#### INSTRUCTIONS TO FOLLOW:
Please output the listing below character for character and omit the images.

#### RAW DATA:
* * *
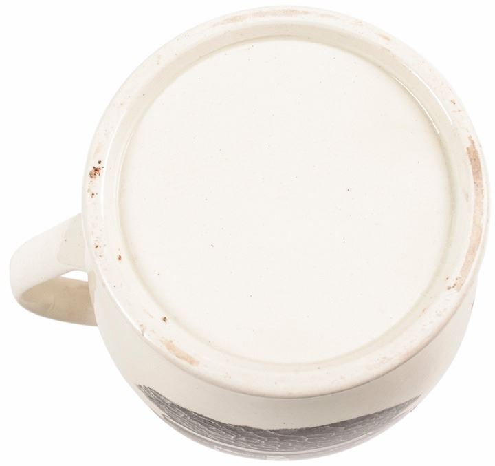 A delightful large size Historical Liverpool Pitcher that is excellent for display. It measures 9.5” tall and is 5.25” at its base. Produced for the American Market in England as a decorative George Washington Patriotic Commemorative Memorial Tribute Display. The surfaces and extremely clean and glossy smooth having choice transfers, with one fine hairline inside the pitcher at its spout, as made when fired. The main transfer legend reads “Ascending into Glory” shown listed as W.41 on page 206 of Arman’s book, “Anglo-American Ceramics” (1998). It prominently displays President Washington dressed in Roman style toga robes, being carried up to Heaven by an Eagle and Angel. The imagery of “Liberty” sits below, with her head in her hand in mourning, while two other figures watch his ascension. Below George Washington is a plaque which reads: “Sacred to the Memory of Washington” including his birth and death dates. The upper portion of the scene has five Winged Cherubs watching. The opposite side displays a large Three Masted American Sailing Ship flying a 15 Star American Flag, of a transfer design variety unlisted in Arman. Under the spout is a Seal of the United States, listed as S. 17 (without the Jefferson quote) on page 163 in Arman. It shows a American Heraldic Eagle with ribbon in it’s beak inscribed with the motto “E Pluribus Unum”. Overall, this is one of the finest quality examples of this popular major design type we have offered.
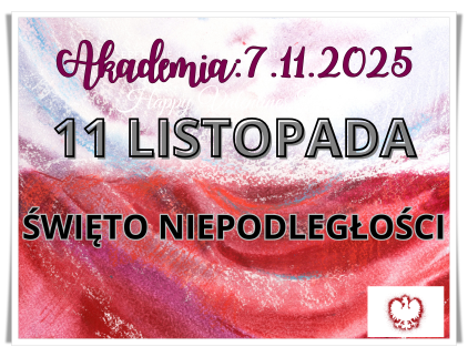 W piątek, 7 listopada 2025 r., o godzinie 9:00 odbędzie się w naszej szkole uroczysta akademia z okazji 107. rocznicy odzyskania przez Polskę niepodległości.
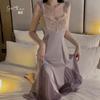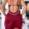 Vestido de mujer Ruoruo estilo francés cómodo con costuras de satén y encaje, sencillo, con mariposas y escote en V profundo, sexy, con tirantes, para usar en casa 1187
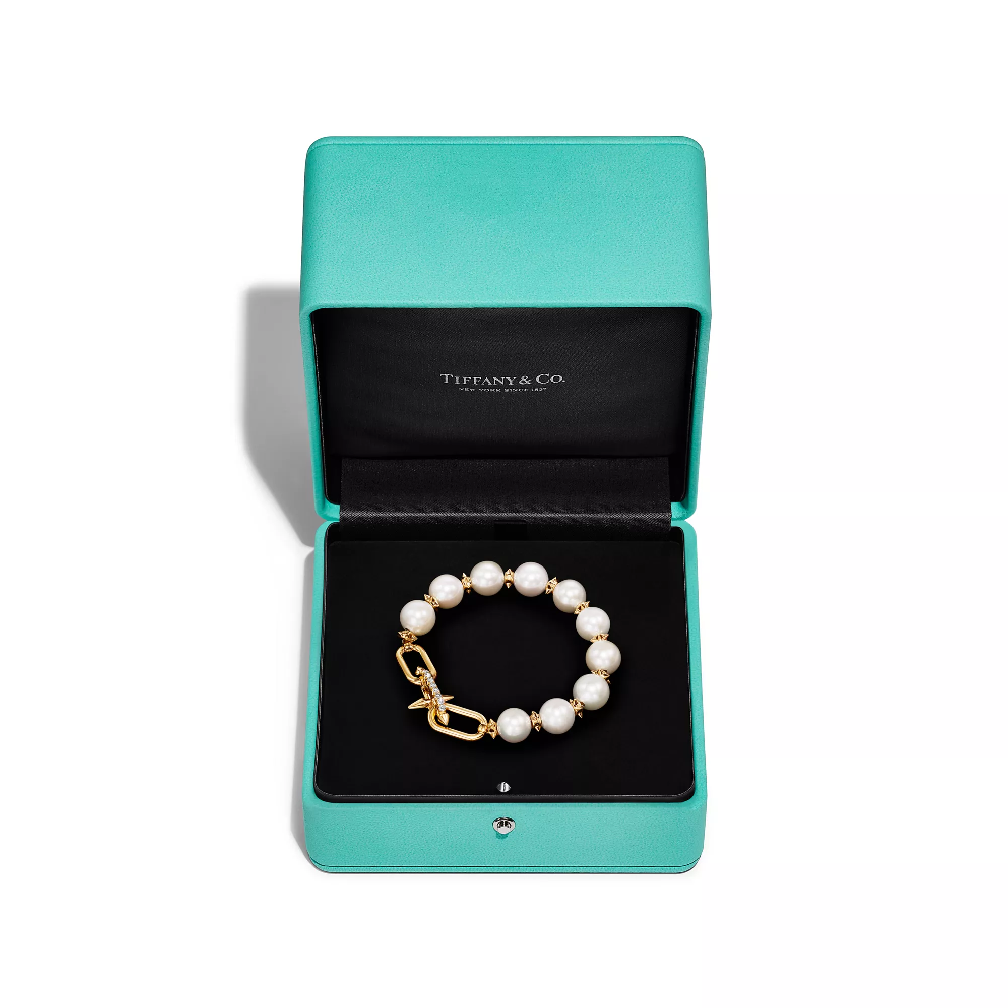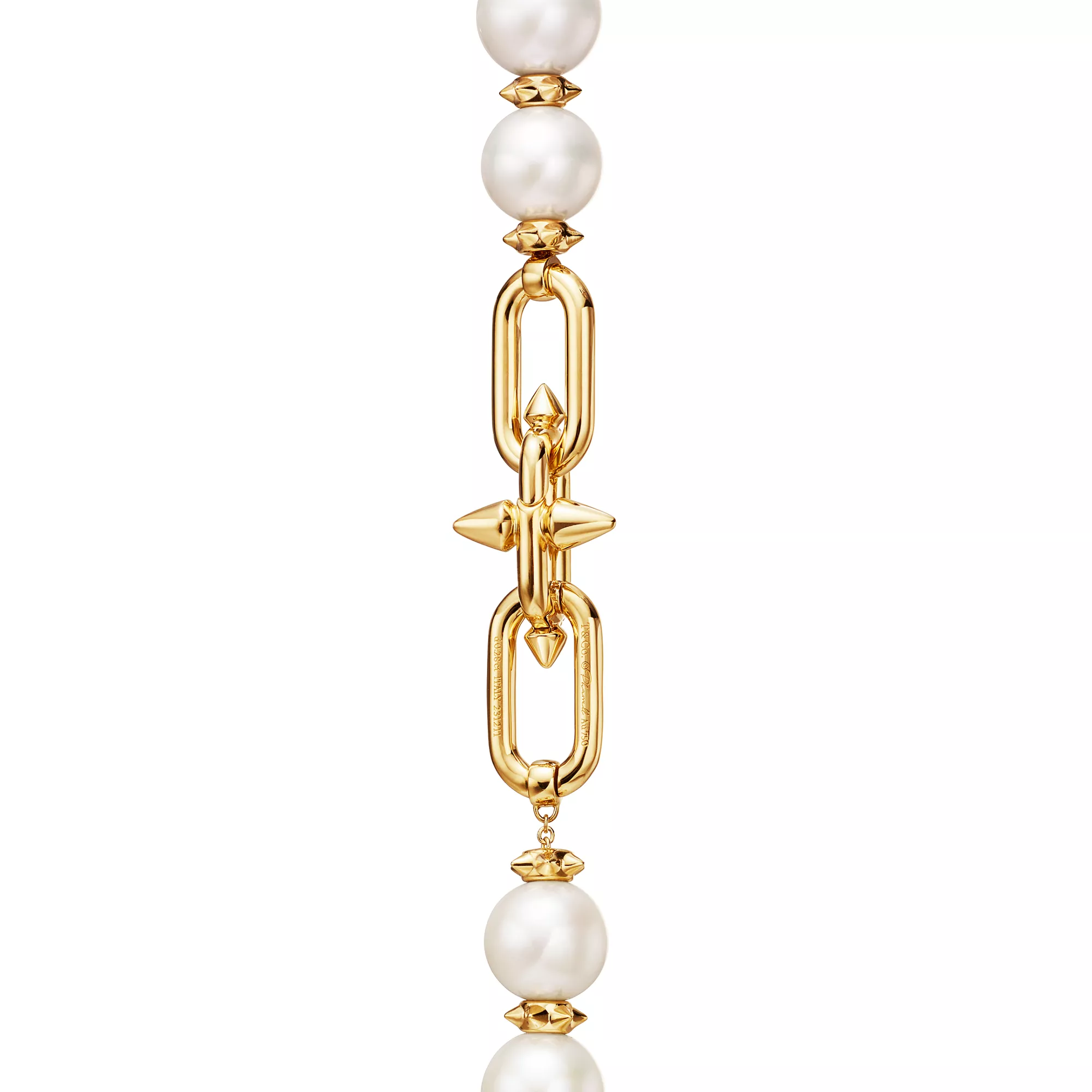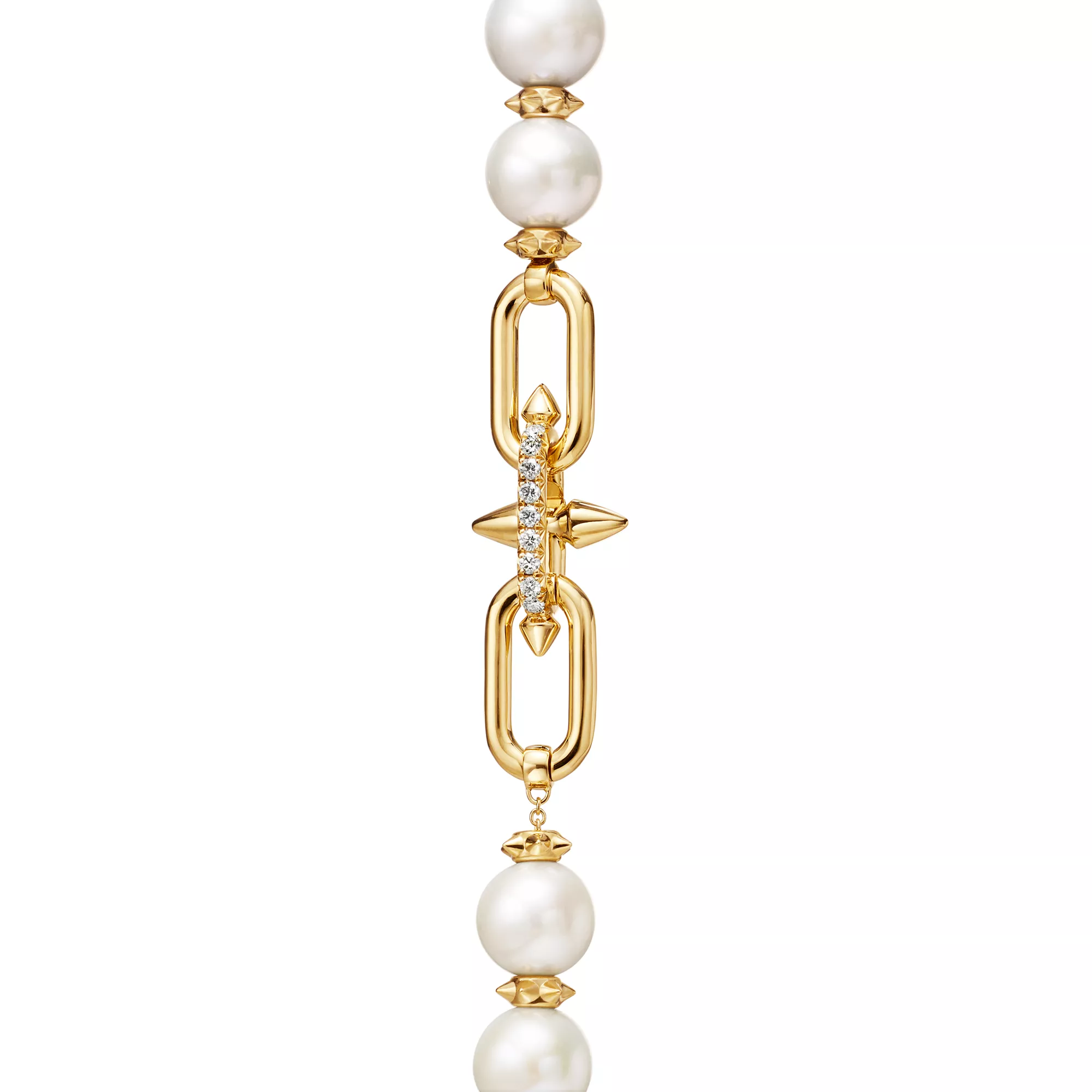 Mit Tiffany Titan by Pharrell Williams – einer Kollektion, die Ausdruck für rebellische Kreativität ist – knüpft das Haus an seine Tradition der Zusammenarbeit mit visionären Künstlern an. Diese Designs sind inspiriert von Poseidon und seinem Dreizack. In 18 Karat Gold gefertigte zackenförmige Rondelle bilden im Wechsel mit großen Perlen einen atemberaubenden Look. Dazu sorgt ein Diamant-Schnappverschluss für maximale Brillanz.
* * *
#### OUTPUT OF THE TASK:
 A delightful large size Historical Liverpool Pitcher that is excellent for display. It measures 9.5” tall and is 5.25” at its base. Produced for the American Market in England as a decorative George Washington Patriotic Commemorative Memorial Tribute Display. The surfaces and extremely clean and glossy smooth having choice transfers, with one fine hairline inside the pitcher at its spout, as made when fired. The main transfer legend reads “Ascending into Glory” shown listed as W.41 on page 206 of Arman’s book, “Anglo-American Ceramics” (1998). It prominently displays President Washington dressed in Roman style toga robes, being carried up to Heaven by an Eagle and Angel. The imagery of “Liberty” sits below, with her head in her hand in mourning, while two other figures watch his ascension. Below George Washington is a plaque which reads: “Sacred to the Memory of Washington” including his birth and death dates. The upper portion of the scene has five Winged Cherubs watching. The opposite side displays a large Three Masted American Sailing Ship flying a 15 Star American Flag, of a transfer design variety unlisted in Arman. Under the spout is a Seal of the United States, listed as S. 17 (without the Jefferson quote) on page 163 in Arman. It shows a American Heraldic Eagle with ribbon in it’s beak inscribed with the motto “E Pluribus Unum”. Overall, this is one of the finest quality examples of this popular major design type we have offered.
 W piątek, 7 listopada 2025 r., o godzinie 9:00 odbędzie się w naszej szkole uroczysta akademia z okazji 107. rocznicy odzyskania przez Polskę niepodległości.
 Vestido de mujer Ruoruo estilo francés cómodo con costuras de satén y encaje, sencillo, con mariposas y escote en V profundo, sexy, con tirantes, para usar en casa 1187
 Mit Tiffany Titan by Pharrell Williams – einer Kollektion, die Ausdruck für rebellische Kreativität ist – knüpft das Haus an seine Tradition der Zusammenarbeit mit visionären Künstlern an. Diese Designs sind inspiriert von Poseidon und seinem Dreizack. In 18 Karat Gold gefertigte zackenförmige Rondelle bilden im Wechsel mit großen Perlen einen atemberaubenden Look. Dazu sorgt ein Diamant-Schnappverschluss für maximale Brillanz.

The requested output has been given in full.